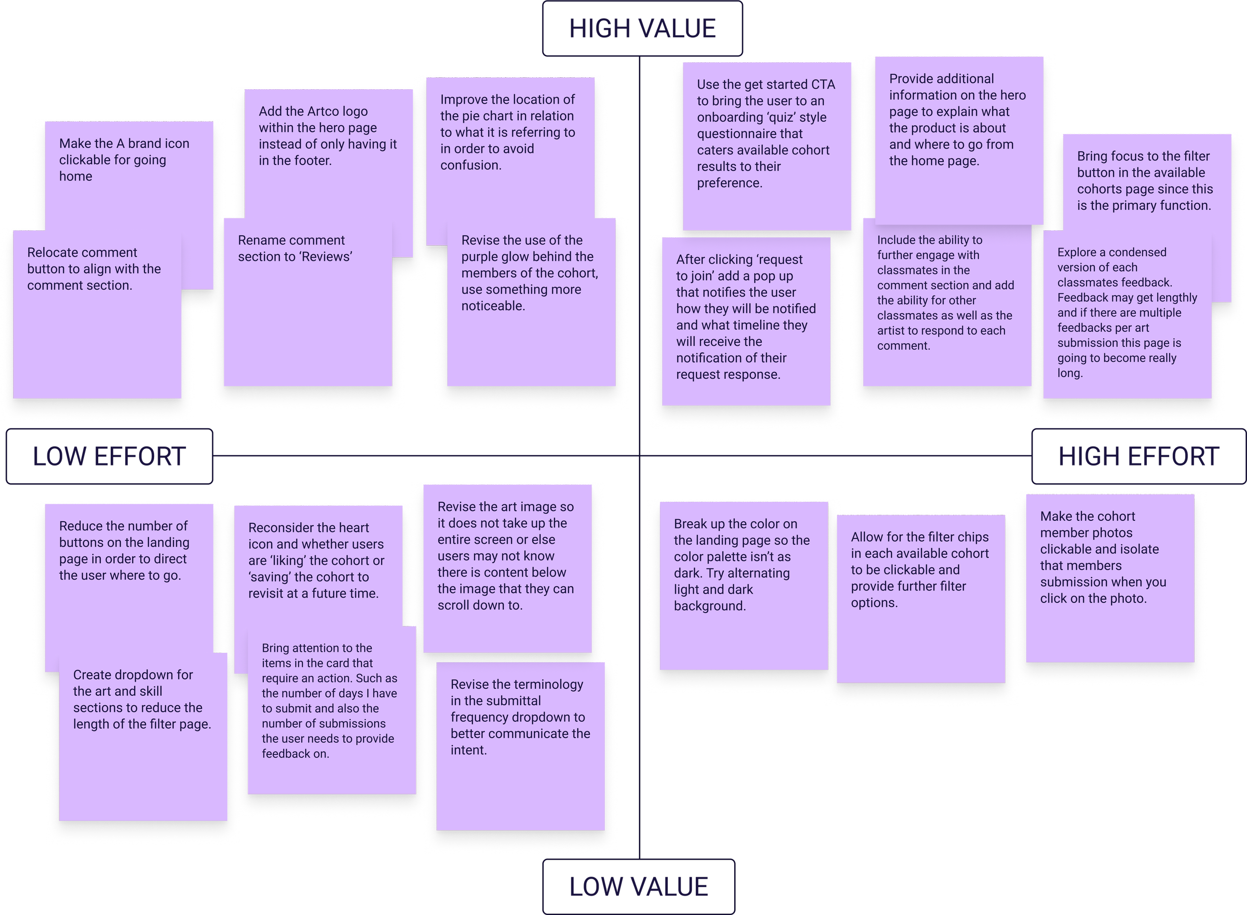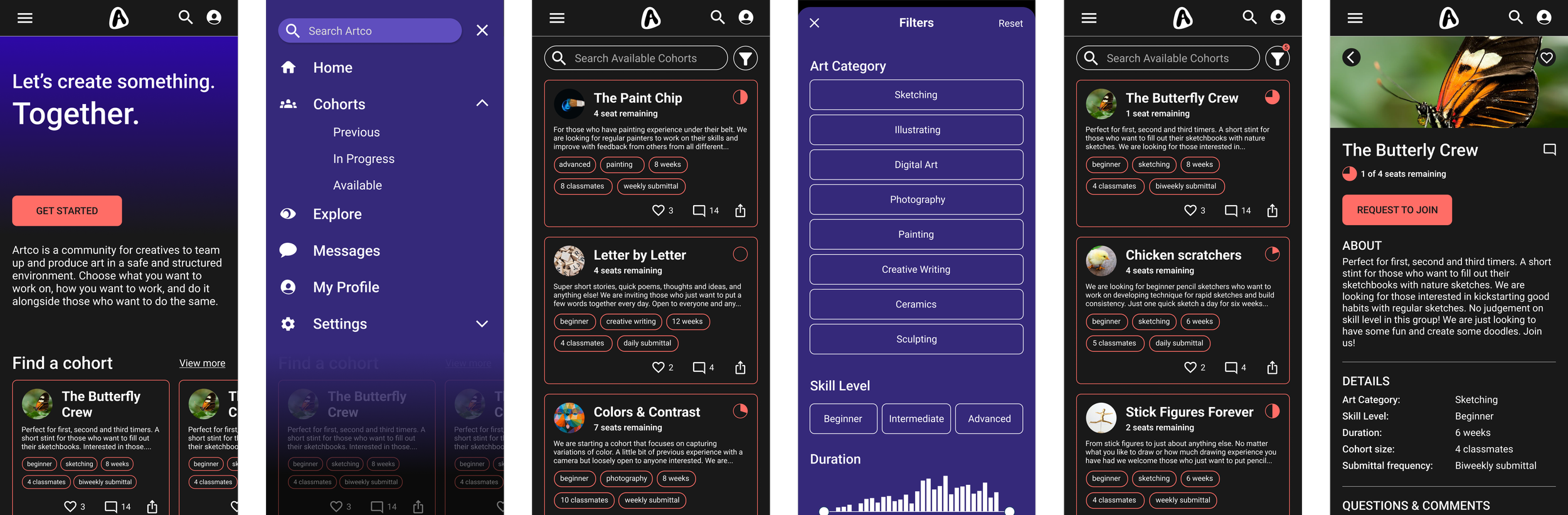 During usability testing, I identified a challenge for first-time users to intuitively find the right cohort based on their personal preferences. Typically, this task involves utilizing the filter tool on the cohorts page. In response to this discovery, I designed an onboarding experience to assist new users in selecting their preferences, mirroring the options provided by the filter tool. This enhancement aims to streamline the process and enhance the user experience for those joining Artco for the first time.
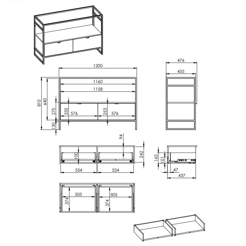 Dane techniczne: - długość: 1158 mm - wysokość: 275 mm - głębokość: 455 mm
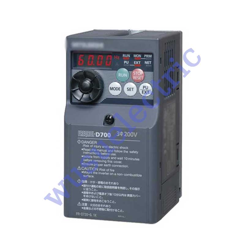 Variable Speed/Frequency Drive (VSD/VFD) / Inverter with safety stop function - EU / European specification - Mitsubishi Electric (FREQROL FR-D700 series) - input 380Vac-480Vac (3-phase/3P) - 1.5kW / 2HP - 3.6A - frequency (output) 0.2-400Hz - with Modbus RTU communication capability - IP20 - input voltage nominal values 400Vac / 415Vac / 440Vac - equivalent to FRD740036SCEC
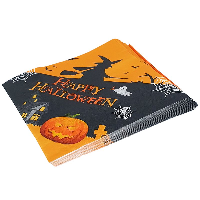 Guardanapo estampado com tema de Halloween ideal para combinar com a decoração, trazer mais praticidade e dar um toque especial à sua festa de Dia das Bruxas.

###

**Work order:**
Repeat the listing above from its first line through the line that contains "Variable Speed/Frequency Drive", both included, and nothing more. Drop the pictures.

**Answer space:**
 During usability testing, I identified a challenge for first-time users to intuitively find the right cohort based on their personal preferences. Typically, this task involves utilizing the filter tool on the cohorts page. In response to this discovery, I designed an onboarding experience to assist new users in selecting their preferences, mirroring the options provided by the filter tool. This enhancement aims to streamline the process and enhance the user experience for those joining Artco for the first time.
 Dane techniczne: - długość: 1158 mm - wysokość: 275 mm - głębokość: 455 mm
 Variable Speed/Frequency Drive (VSD/VFD) / Inverter with safety stop function - EU / European specification - Mitsubishi Electric (FREQROL FR-D700 series) - input 380Vac-480Vac (3-phase/3P) - 1.5kW / 2HP - 3.6A - frequency (output) 0.2-400Hz - with Modbus RTU communication capability - IP20 - input voltage nominal values 400Vac / 415Vac / 440Vac - equivalent to FRD740036SCEC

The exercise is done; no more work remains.